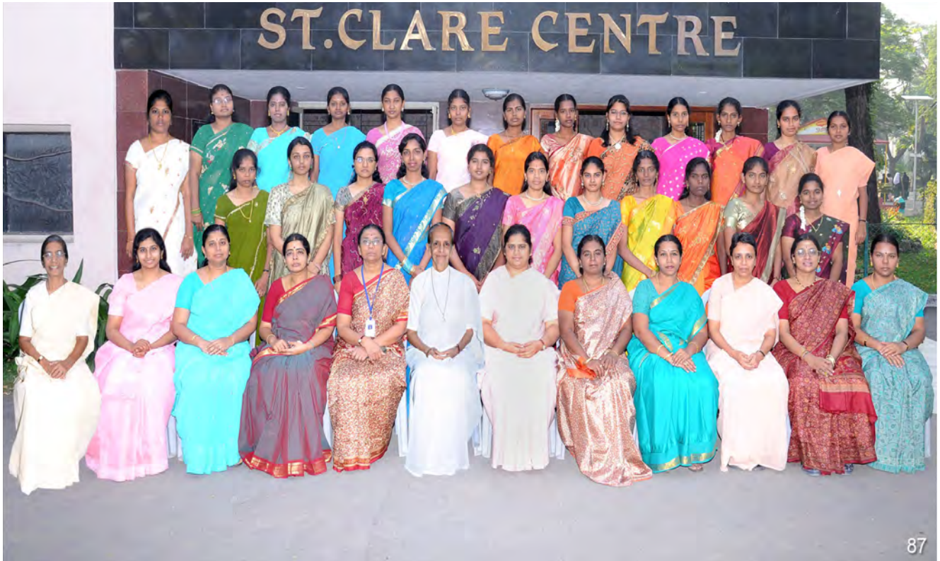
II M.Sc. Mathematics
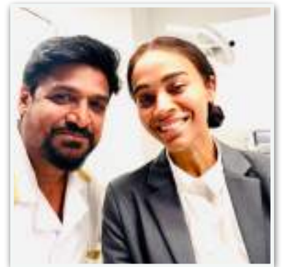
Shooting with Avatar star Zoe Saldana for the upcoming film Emelia Perez
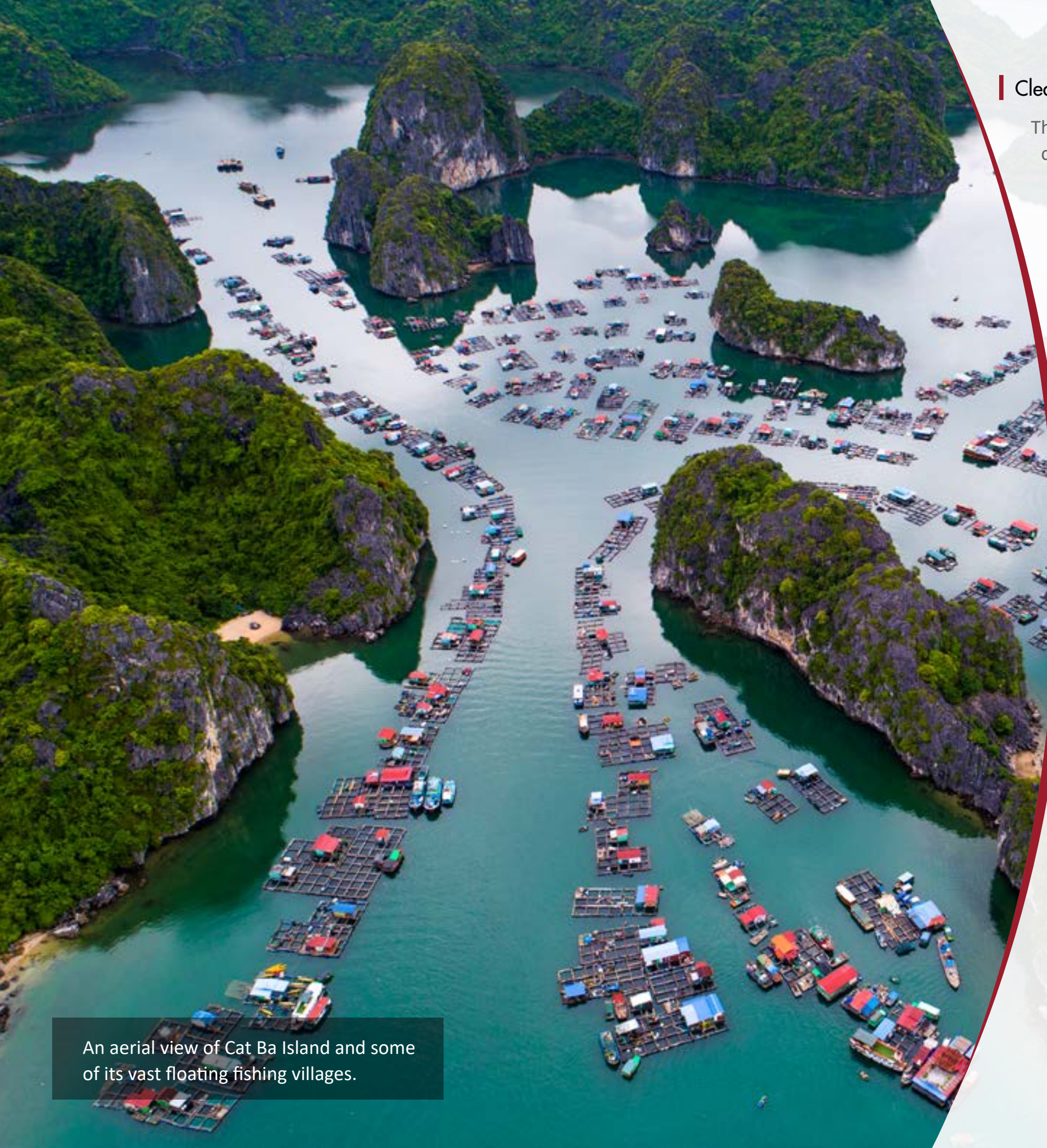
An aerial view of Cat Ba Island and some of its vast floating fishing villages.
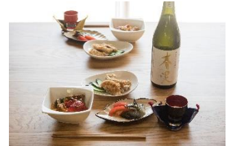
Appetizer for two. (Alcohol is not included.)
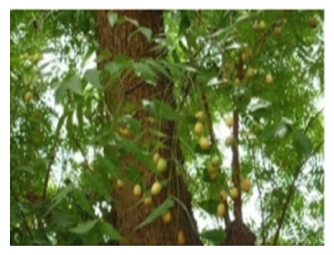
Figure 3. Azadirachta indica L. Location: Maroua (Ward Domayo) Date: 7/12/2009.

bath, or even boiling the leaves of indicators with those of the leaves of A. indica and the filtrate diluted to serve Jatropha gossipifolia and Combretum sp. The local population has no standard dose for administering the extracts from medicinal plants in treating malaria.
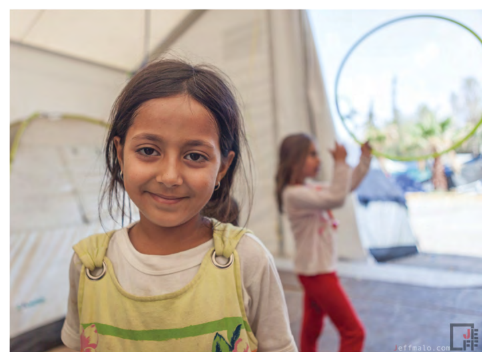
Missing Children Europe

To celebrate NEF's 40th anniversary, this case study series will illustrate European philanthropies at their best: joining forces to grow their impact and deliver unique results. Each case study will show how collaborations between foundations were developed and incubated with NEF's support. By reading about the design, approach, advantages and challenges of each collaborative, foundations will discover how they too can benefit from working more closely together.
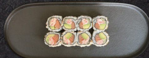
51 New Jersey 75,- ( surimikrabbe , laks, avocado, agurk, sesam)
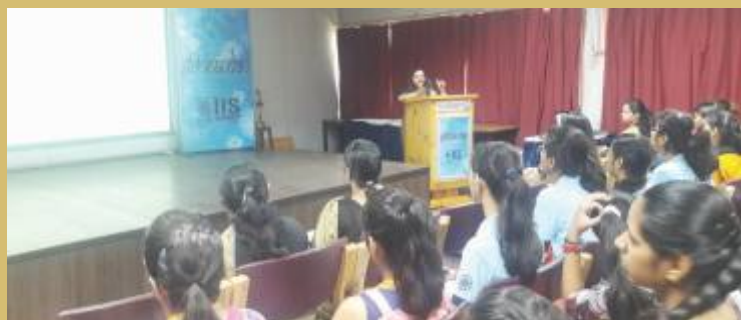
Dept. of Commerce - 16 July 2018
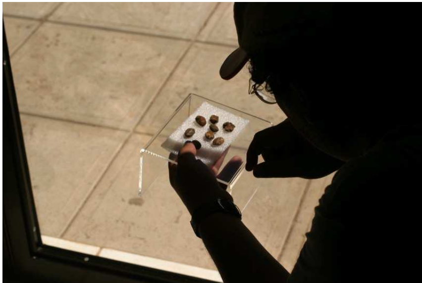
Cacao seeds at the Cerén Museum
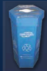
60 Litre Cardboard Bag Holder
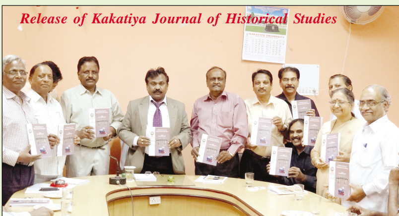
Release of Kakatiya Journal of Historical Studies
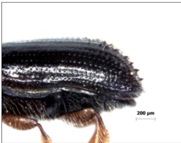
Figure 4. Xyleborinus attenuatus – lateral view of elytral declivity.

_ _ _ _

Exercise directions.
Nothing but the pictures should be left out when the listing is repeated exactly.

Reply.
II M.Sc. Mathematics
Shooting with Avatar star Zoe Saldana for the upcoming film Emelia Perez
An aerial view of Cat Ba Island and some of its vast floating fishing villages.
Appetizer for two. (Alcohol is not included.)
Figure 3. Azadirachta indica L. Location: Maroua (Ward Domayo) Date: 7/12/2009.

bath, or even boiling the leaves of indicators with those of the leaves of A. indica and the filtrate diluted to serve Jatropha gossipifolia and Combretum sp. The local population has no standard dose for administering the extracts from medicinal plants in treating malaria.
Missing Children Europe

To celebrate NEF's 40th anniversary, this case study series will illustrate European philanthropies at their best: joining forces to grow their impact and deliver unique results. Each case study will show how collaborations between foundations were developed and incubated with NEF's support. By reading about the design, approach, advantages and challenges of each collaborative, foundations will discover how they too can benefit from working more closely together.
51 New Jersey 75,- ( surimikrabbe , laks, avocado, agurk, sesam)
Dept. of Commerce - 16 July 2018
Cacao seeds at the Cerén Museum
60 Litre Cardboard Bag Holder
Release of Kakatiya Journal of Historical Studies
Figure 4. Xyleborinus attenuatus – lateral view of elytral declivity.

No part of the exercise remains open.